Moreover, the file that is created, openable and readable with a common text editor, seems to be a Unicode text.
But beware, because it isn’t.
如果您需要在文件中保存 acl 以便以后进行恢复,可以使用两个“保存和恢复”命令。从某种角度来看,这是一个非常简单的操作: 有关 acl 的信息保存在一个文件中,在需要恢复以前的情况时可以使用这个文件。然而,应该注意的是,访问权限数据,尤其是共享文件夹中的访问权限数据,随着时间的推移可能变化很大。然后,我们可能会发现自己处于这样一种情况,即我们要恢复一种与现实不同甚至不一致的局面。此外,使用通用文本编辑器创建、可开启和可读的文件似乎是 Unicode 文本。但是要小心,因为它不是。
Open the file and save it with some changes will make it unusable in Restore operations.
打开文件并通过一些更改将其保存,这将使其在“还原”操作中无法使用。
The couple of “save and restore” commands is as follows:
“保存和恢复”命令如下:
icacls FILE_O_DIRECTORY /save aclfile /t
icacls DIRECTORY /restore aclfile
Icacls DIRECTORY/restore aclfile
You will immediately notice a difference between the two commands.
您将立即注意到这两个命令之间的差异。
The save command can be executed both on file and on directories (FILE_O_O_DIRECTORY must be replaced with the name of the file or directory for which we want to save the ACL).
可以在文件和目录上执行 save 命令(FILE _ o _ o _ directory 必须替换为我们要为其保存 ACL 的文件或目录的名称)。
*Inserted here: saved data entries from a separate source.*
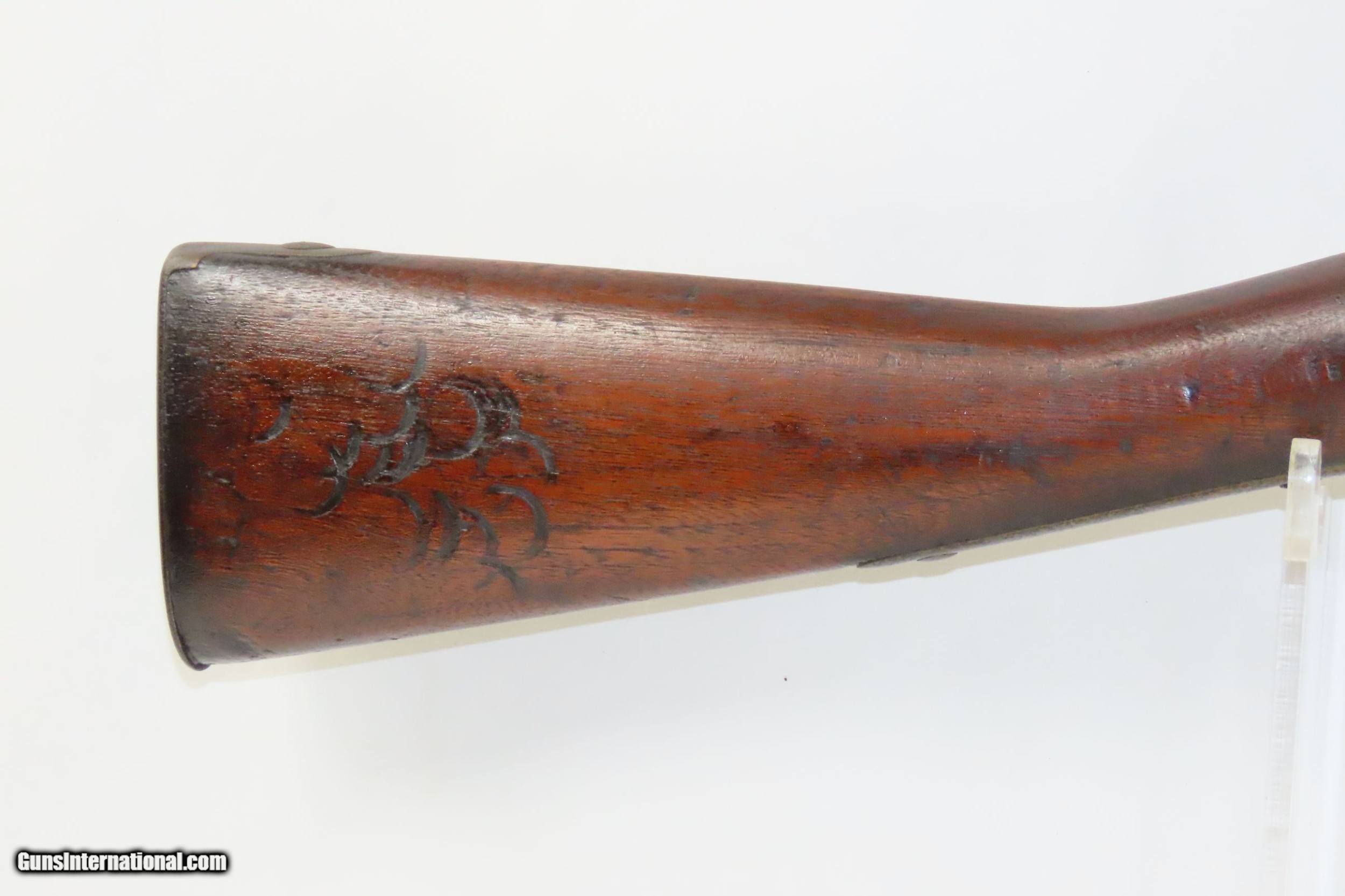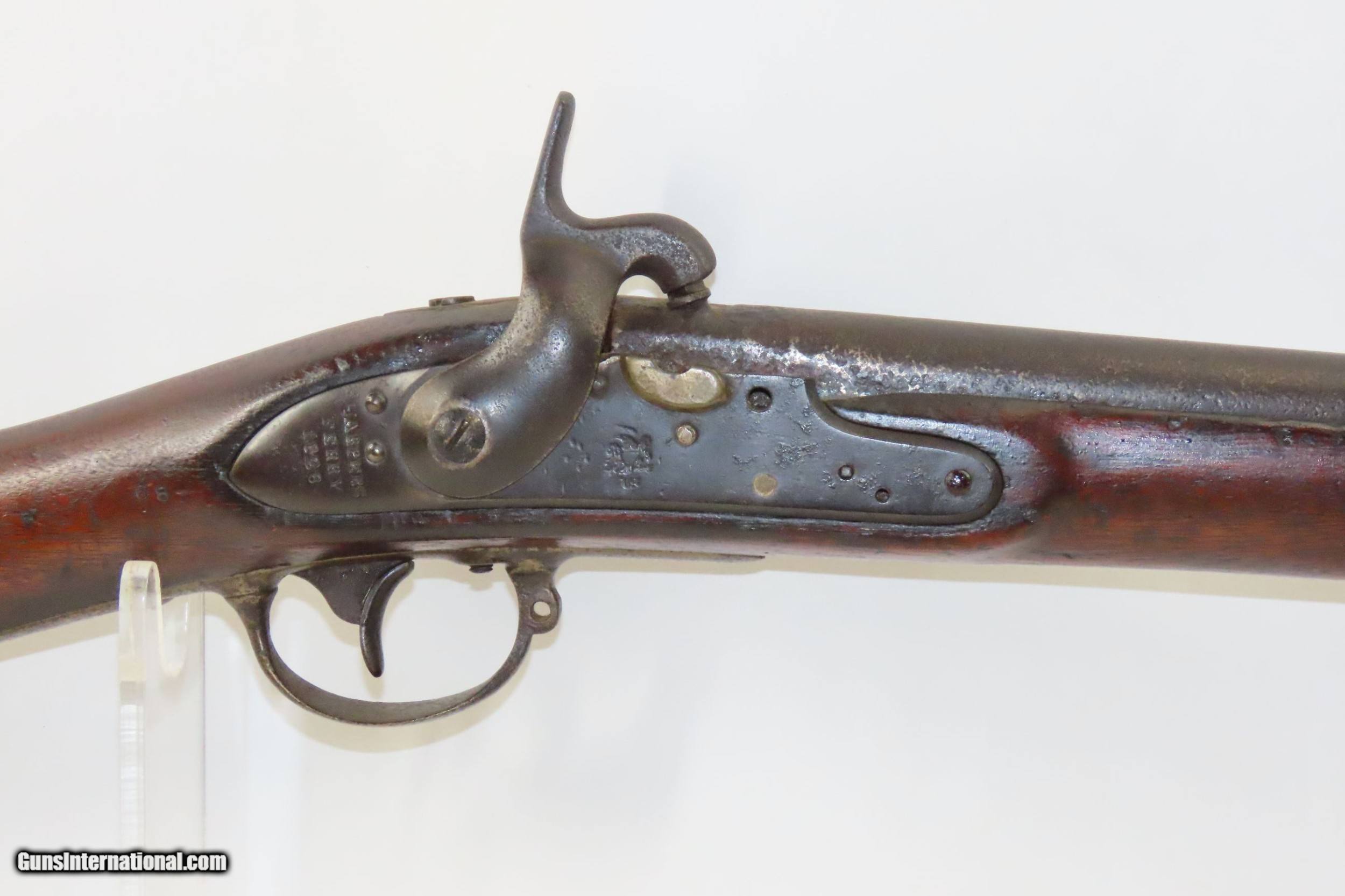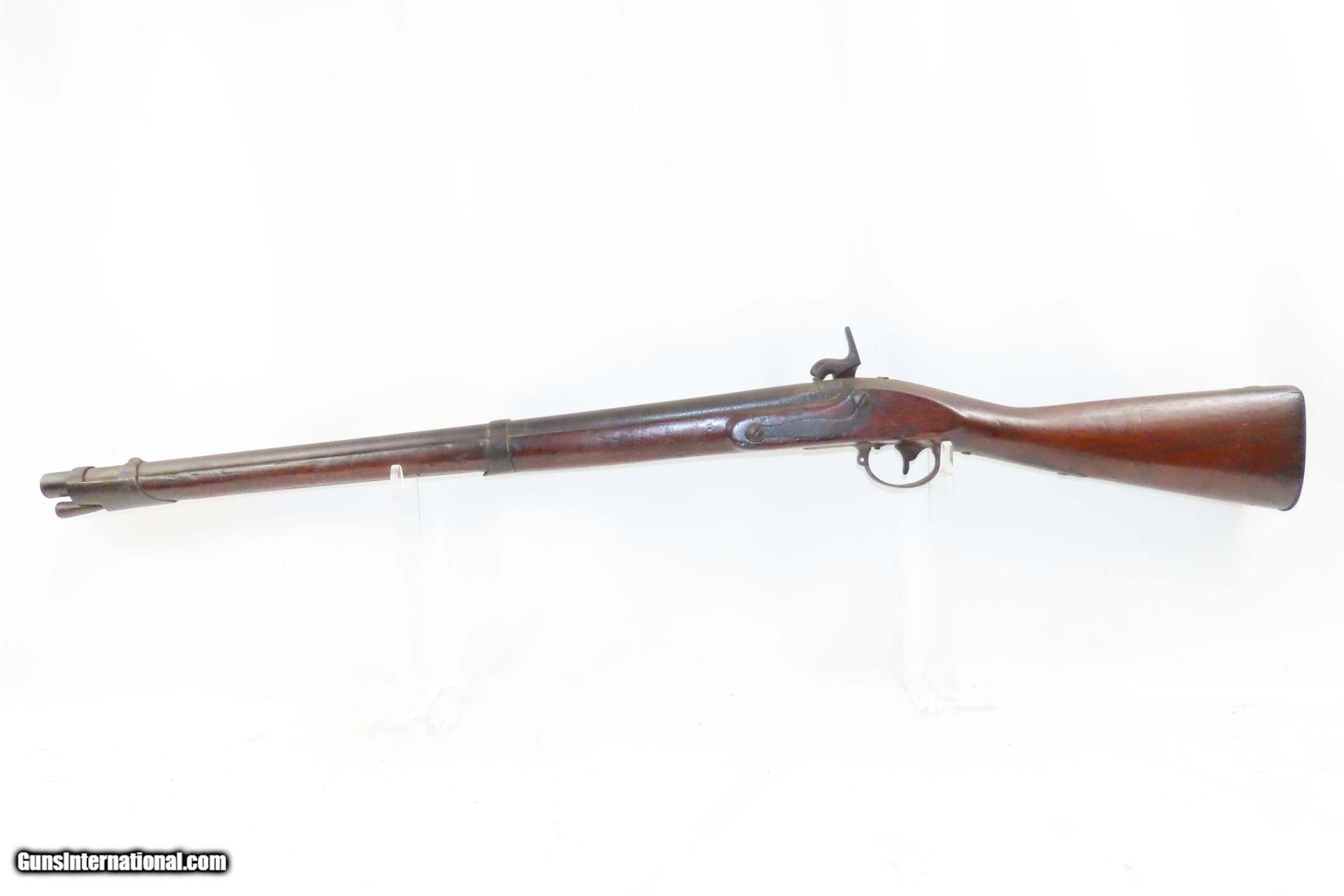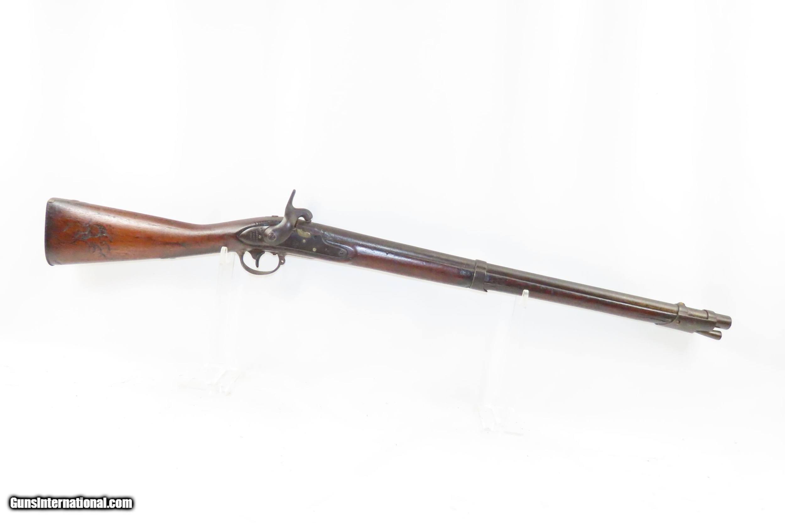 Description: 1828 Antique HARPERS FERRY Model 1816 “CONE” Percussion CONVERSION Musket CIVIL WAR Conversion of the Model 1816 Here we present an antique Harpers Ferry U.S. Model 1816 Percussion Conversion Musket, manufactured at the armory at Harpers Ferry, Virginia, circa 1828. This musket would have started out life as a smoothbore flintlock and likely converted around the start of the American Civil War. The War of 1812 revealed many weaknesses in American muskets. In an attempt to improve both the design and manufacture of the musket, the Model 1812 musket was created. The Model 1816 made further improvements and replaced the Model 1812. Harpers Ferry became America’s second national armory after the site was personally selected by George Washington, with the Springfield Armory being the first. The U.S. Congress authorized the building of the new foundry in 1794, and by the following year, was producing hundreds of arms for the national army, which was primarily flintlock muskets and pistols. Inspired largely by the French Charleville Model 1777 musket, Harpers Ferry began producing the Model 1816. The M1816 was a smoothbore, muzzle loading weapon which used a .69 caliber musket ball. A trained shooter could fire between two and three rounds at a range of up to 200 yards per minute. The Model 1816 was in production at Springfield (325,000) and Harpers Ferry (350,000) between 1816 to 1844 with around 675,000 muskets produced during this run. Additionally, more than a dozen contractors also made the Model 1816 Muskets during its production years, adding more than 146,000 muskets for a grand total of 821,421 M1816 Muskets produced. It saw service during the Mexican-American War and was even pressed into service during the Civil War in both the updated percussion and the old flintlock format. In the 1850’s, many 1816’s like this one went through the conversion from flintlock to percussion. This musket was converted to percussion using the Belgian Style Alteration method, more commonly known as the “Cone Type” conversion. All external lock parts were removed with the screw hole plugged, the pan ground flush with lock plate (leaving the remnants intact) and the small existing cavity in the pan filled with brass to give it a level or squared off profile along the top. The vent hole of the barrel was plugged with a nipple screwed into the threaded receptacle at the top of the barrel, set off center towards the lock side. Then, adding the distinctive arsenal, military hammer. This is the type of conversion that was only done at Harper's Ferry and Springfield and is sometimes referred to as an "armory conversion." The overall condition is good. This piece was shortened long ago to make it handier, perhaps from horseback. The action is strong. The bore is dark and dusty with age. The stock shows much use and remains solid. Own the original! This is a legitimate antique and not a reproduction. Barrel is 28 inches. Caliber: .69 Percussion Overall condition as seen in photos. Very Fast. Very Safe. FREE SHIPPING WORLDWIDE. Delivered directly to your door by express mail! Guaranteed AUTHENTIC & Includes CERTIFICATE OF AUTHENTICITY. ancestryguns $1200 #226054 SOLD Antique: Yes |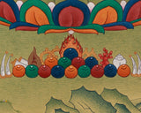 The Amitayus and Amitabha Thangka exemplify the remarkable artistry found in Tibetan Buddhist art. Created with natural colors derived from Lhasa stone and adorned with genuine 24K gold, the thangka beautifully embodies the themes of compassion, longevity, and spiritual enlightenment. The employment of Lhasa stone colors imparts an earthy yet vibrant essence, while the shimmering 24K gold highlights emphasize Amitayus's enlightened nature and divine connection. Made in the traditional Karma Gadri style, this Thangka follows meticulous Buddhist iconographic guidelines, thereby ensuring it remains a genuine spiritual offering.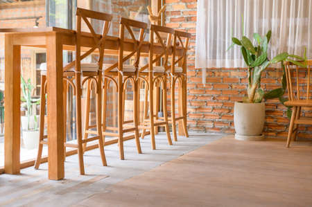 wood stool chair in cafe coffee shop cafeteira restaurant food center interior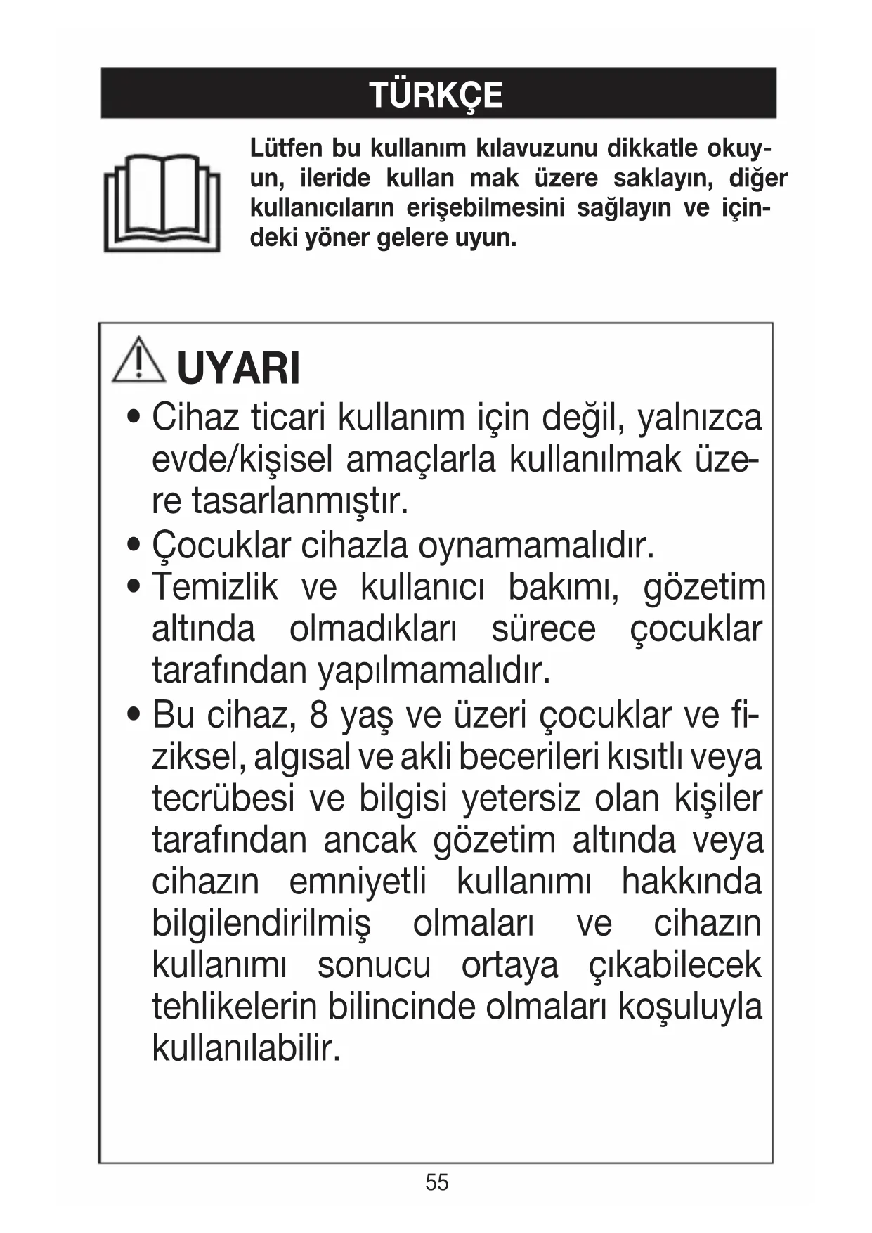 ziksel, algısal ve akli becerileri kısıtlı veya tecrübesi ve bilgisi yetersiz olan kişiler tarafından ancak gözetim altında veya cihazın emniyetli kullanımı hakkında bilgilendirilmiş olmaları ve cihazın kullanımı sonucu ortaya çıkabilecek tehlikelerin bilincinde olmaları koşuluyla kullanılabilir. Lütfen bu kullanım kılavuzunu dikkatle okuy- un, ileride kullan mak üzere saklayın, diğer kullanıcıların erişebilmesini sağlayın ve için

While the restore command only works on directories.
而 restore 命令只对目录有效。
An example of use is as follows:
使用的一个例子如下:
E:\> icacls filediprova.txt /save aclfile /t
E:\>icacls . /restore aclfile
As you can see, in restore command case we will not use filediprova.txt but the directory in which it is contained.
正如您所看到的,在 restore 命令情况下,我们将不使用 filediprova.txt,而是使用包含它的目录。
Conclusions
结论
In Windows systems, the ability managing access control lists is a strength that allows users and processes to make the best use of resources.
In some cases, it can be complicated, but with icacls tool, we can have many functions that help to ensure security.
在 Windows 系统中,管理访问控制列表的能力是允许用户和进程最佳利用资源的一个优点。在某些情况下,它可能比较复杂,但是使用 icacl 工具,我们可以使用许多功能来帮助确保安全性。